What you return should match the material below line for line, except that no image appears in it.

• WORKING DATA
____________

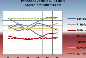 - Quant aux quatre autres candidats, leurs performances respectives sur cet axe a semblé marquer un resserrement général. Mais on peut observer que François Hollande et Jean-Luc Mélenchon "ont pu" se distinguer légèrement par moment (le 27 mars pour Hollande et les 29 et 30 mars pour Mélenchon).
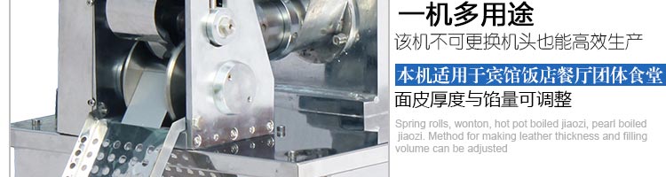 JGB-80型號(hào)餃子機(jī),本機(jī)是一款可生產(chǎn)各種肉餡、肉菜混合餡、全菜餡及其他種餡餃子的設(shè)備。包制出來的餃子可蒸、煮、炸、煎等多種調(diào)理。適用于賓館、飯店、餐廳、團(tuán)體食堂加工,幼兒園、速凍餃子生產(chǎn)。
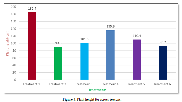 According to Figure 4 below, Treatment 2 and 6 has almost similar plant heights of 90.8cm and 93.2cm respectively as these were shorter plants. Treatment 6 was established from planting seed cotton and Treatment 2; the plants were cut from the ground level on the same day when Treatment 6 was planted. Treatment 3 to 5 had almost similar plants in height though they were much taller than Treatment 2 and 6 and the reason being that these Treatment 3, 4 and 5 had plants cut at different levels from the ground, so these were already established stalks which just regenerated as they developed new shoots. Treatment 1 had tallest plants with an average height of 185.4cm because these were unlashed stalks throughout the trial duration for three years so they kept growing taller (Figure 5).
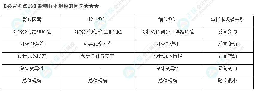 2023注册会计师《审计》必背考点16:影响样本规模的因素
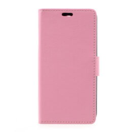 LG K4 (2017) älypuhelimeen sopivassa vaaleanpunaisessa lompakkokotelossa on kaksi korttipaikkaa, tasku, jalusta-toiminto ja magneettisuljenta.
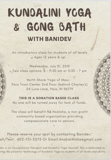 Limited to 18 guests. Deposit required by 8/18. Email for full details king@nsyogamaui.com
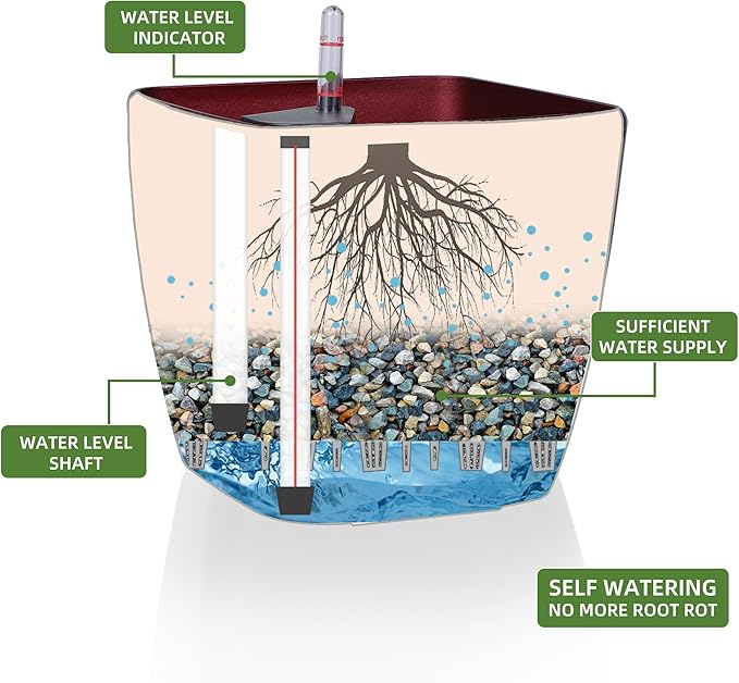 • SELF WATERING & NO MORE ROOT ROT - The smart unique sub-irrigation system is one of the most appealing aspects among all Dexceder planters. The easy-to-use separated integrated water reservoir or catcher- keeps your soil well aerated and automatic supplies plants with the right amount of ongoing moist air & nutrition for optimal growth. The insert indicator shows you the exact time to water again. The full water supply period can single-handedly last over 3 weeks based on different live plants

____________

• EXERCISE ANSWER
 - Quant aux quatre autres candidats, leurs performances respectives sur cet axe a semblé marquer un resserrement général. Mais on peut observer que François Hollande et Jean-Luc Mélenchon "ont pu" se distinguer légèrement par moment (le 27 mars pour Hollande et les 29 et 30 mars pour Mélenchon).
 JGB-80型號(hào)餃子機(jī),本機(jī)是一款可生產(chǎn)各種肉餡、肉菜混合餡、全菜餡及其他種餡餃子的設(shè)備。包制出來的餃子可蒸、煮、炸、煎等多種調(diào)理。適用于賓館、飯店、餐廳、團(tuán)體食堂加工,幼兒園、速凍餃子生產(chǎn)。
 According to Figure 4 below, Treatment 2 and 6 has almost similar plant heights of 90.8cm and 93.2cm respectively as these were shorter plants. Treatment 6 was established from planting seed cotton and Treatment 2; the plants were cut from the ground level on the same day when Treatment 6 was planted. Treatment 3 to 5 had almost similar plants in height though they were much taller than Treatment 2 and 6 and the reason being that these Treatment 3, 4 and 5 had plants cut at different levels from the ground, so these were already established stalks which just regenerated as they developed new shoots. Treatment 1 had tallest plants with an average height of 185.4cm because these were unlashed stalks throughout the trial duration for three years so they kept growing taller (Figure 5).
 2023注册会计师《审计》必背考点16:影响样本规模的因素
 LG K4 (2017) älypuhelimeen sopivassa vaaleanpunaisessa lompakkokotelossa on kaksi korttipaikkaa, tasku, jalusta-toiminto ja magneettisuljenta.
 Limited to 18 guests. Deposit required by 8/18. Email for full details king@nsyogamaui.com
 • SELF WATERING & NO MORE ROOT ROT - The smart unique sub-irrigation system is one of the most appealing aspects among all Dexceder planters. The easy-to-use separated integrated water reservoir or catcher- keeps your soil well aerated and automatic supplies plants with the right amount of ongoing moist air & nutrition for optimal growth. The insert indicator shows you the exact time to water again. The full water supply period can single-handedly last over 3 weeks based on different live plants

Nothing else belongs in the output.